“I think that one of these days…you’re going ot have to find out where you want to go. And then you have to start going there.” – Catcher in the Rye (J.D. Salinger)

Bonnections proudly presents Ryan Howland at our next intercultural Book Club event. The 17-year old Canadian violist will read from his book “Musical Awakening”. He recently moved to Bonn from Victoria Island along with his mother Michelle, a piano teacher, to study under Viktor Tretjakov and bring his performance to the next level.

The book, which will be published this fall, tells the story of his long and heart-wrenching journey towards his goal of becoming a world famous violin virtuoso.

Ryan will not only share his struggle to become a professional musician and living his dream, but also play a couple of solo pieces on his violin: Net cor piu non sento by Paganini and the theme from “Schindler’s List” by John Williams.

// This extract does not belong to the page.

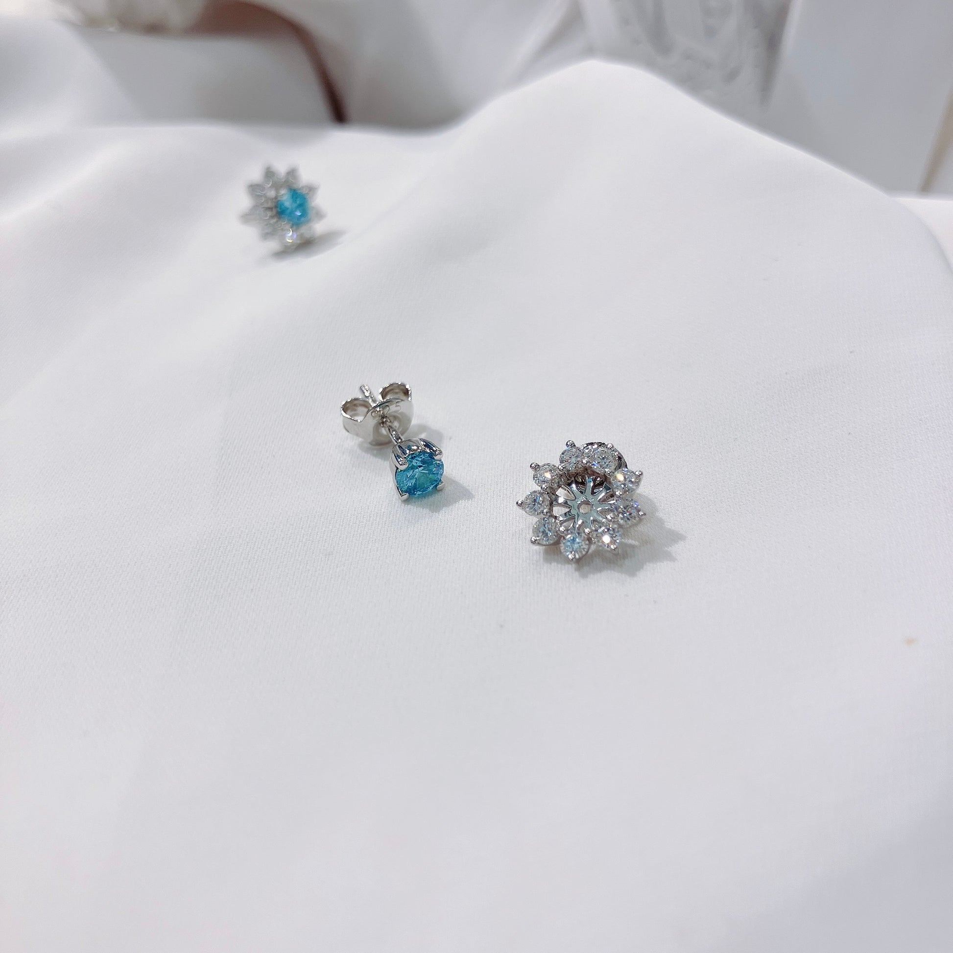 *New* S925 璀璨天藍鋯石拼太陽花鑽石耳環42AJE0168

“Awaking” will be the overall theme of the Bonnections book club meeting on October 5 at Bonn’s Central Library (6 pm). We are going to present a variety of Coming of Age stories from around the world. In German, this genre is called “Bildungsroman”, which literary means formation novel.

J.D. Salinger’s “Catcher in the Rye”, Charlotte Brontë´s „Jane Eyre“, Goethe’s “Werther” and Hermann Hesse’s „Demian“ are famous Bildungsromane. It also includes memoirs, like “The Motorcycle Diaries” by Ernesto “Che” Guevara or “Memoirs of a Dutiful Daughter” by Simone de Beauvoir.

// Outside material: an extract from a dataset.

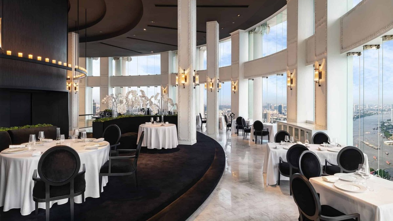 Situé au sommet de l’hôtel Mandarin Oriental, Le Normandie est un temple de la haute gastronomie française à Bangkok. Depuis 1958, ce restaurant iconique séduit ses convives avec des plats raffinés, élaborés avec une précision exemplaire par le célèbre Chef Alain Roux. La vue panoramique sur le fleuve Chao Phraya ajoute une touche magique à cette expérience culinaire, où les plats signatures tels que les « Tronçonnettes de homard Canadien poêlées minute au porto blanc » et le « Tournedos de Wagyu poêlé à la Zingara » transforment chaque bouchée en une véritable fête pour les sens.

There is a long and storied tradition of this genre and Ryan’s “Musical Awakening” fits right in. It’s called specifically a “Künstlerroman” (artist novel), a sub-genre about the development of an artist. “A Portrait of the Artist as a Young Man” is James Joyce’s first novel. It was published in 1916. The main character, Stephen, is kind of the alter-ego of the Irish writer, tracing his development into the artist he wants to be.

The first ever Arabic novel, titled Hayy ibn Yaqdhan (Alive, son of Awake), was written by Ibn Tufayl in the 12th century. The Arabic philosophical fable is a classic of medieval Islamic philosophy and considered a precursor to the Bildungsroman genre.

Ibn Tufayl, the Andalusian philosopher, tells of a child raised by a doe on an equatorial island who grows up to discover the truth about the world unaided –but also unimpeded- by society, language, or tradition. Hayy’s discoveries on God, nature and mankind, challenge the values of the culture the tale was written as well as those of every contemporary society.

The novel had a significant influence on European literature and Enlightenment after it was translated in 1671 into Latin (Philosophus Autodidactus) and other European languages. In 1719, an English translation inspired Daniel Defoe to write Robinson Crusoe.

The idea of the coming of age has infiltrated all kinds of movies, like “The Graduate” with young Dustin Hoffman, “Dirty Dancing” or “Dead Poets Society”. They all involve someone figuring themselves out and becoming someone new. “Tschick”, an acclaimed book by Wolfgang Herrndorf, was just turned into a movie by Germany’s famous director Faith Akin.